***
– А потом они упали и начали трахаться! – Мистер, Вы правда очень плохой рассказчик. – А то я сам не знаю.Друзья?
26 августа 2017 г. в 21:21
Улица. Все клишированные истории заканчиваются на пустынной улице посреди застроенного жмущимися друг к другу деревянными квадратными домиками и хижинами городка, по которой гуляет лишь несущий пыль и мчащий впереди себя перекати-поле ветер. Он вздувает одежду, заставляет щурить глаза и дышит бесплодием и Пустошью. Но сейчас, против законов жанра, было безветренно, да и пони прохаживались туда-сюда по этому широкому коридору, разделяющему основные части Новой Эпплузы. Гуль курил у входа в тот самый салун, из которого Владимир пулей вылетел почти три с половиной года назад, спасаясь от него. Сталлионградец улыбнулся и направил свои копыта в его сторону. Конечно же, Либер смотрел на жеребят, игравших в догонялки на расстоянии футов в пятнадцать от него, смотрел тем же взглядом, что и на Владимира в тот чудовищно далекий день, когда он позволил малышам небольшой ксенофобской общины под странным названием «Республика», не разделявшим воззрения родителей, взобраться на себя и катал их по кругу, смеющихся от восторга. Тогда во взгляде единорога были те же тоска и, зависть, что ли?
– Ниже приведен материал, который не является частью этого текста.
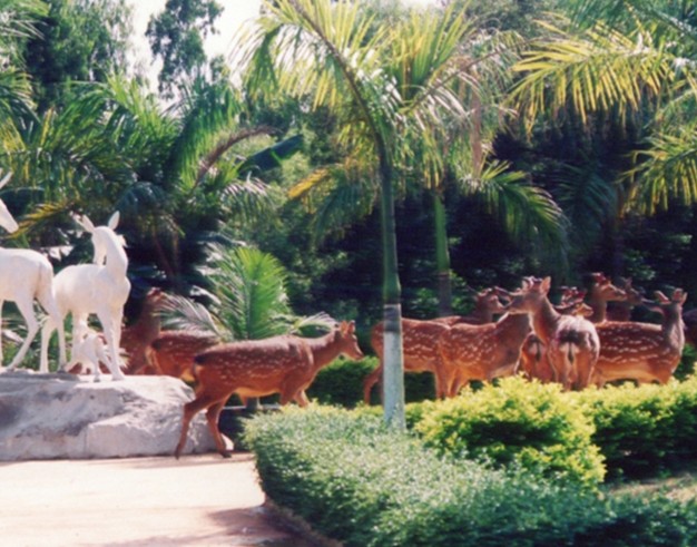 湛江金鹿園位于廣東湛江市湖光巖北側(cè)1公里處,占地近百畝,與湖光巖、南亞熱帶植物園共同構(gòu)成環(huán)湖生態(tài)旅游圈,附近空氣清新,既是湛江市理想的天然“氧吧”。也是華南地區(qū)最大的養(yǎng)鹿基地,是集生態(tài)旅游、購(gòu)物休閑、科普教育于一體的景點(diǎn)。梅花鹿,毛色美麗,性情溫馴,極具觀賞性,是吉祥、幸福的代表物。金鹿園的梅花鹿是1972年從東北引進(jìn)的,經(jīng)過(guò)20多年的努力,已經(jīng)成功解決了北鹿南養(yǎng)的一系列技術(shù)難題,原先引進(jìn)的43頭種鹿已繁育出后代鹿1800多頭。

К нему ни один жеребенок не рисковал подойти (на самом деле, им пришлось серьезно потрудиться, чтобы угрюмые плохо вооруженные пони, стоявшие на страже поселения, его вообще впустили), да и если бы подошел, то он бы, скорее всего, сердито отпугнул его.
Конечно, Либер заметил сталлионградца первым. Он встал, по привычке изящно роняя окурок изо рта, и расставил ноги, готовый чуть что мгновенно выхватить револьверы. На нем был новый плащ, но он наверняка приказал создать внутренние карманы для своих «девочек». Ебучий консерватор.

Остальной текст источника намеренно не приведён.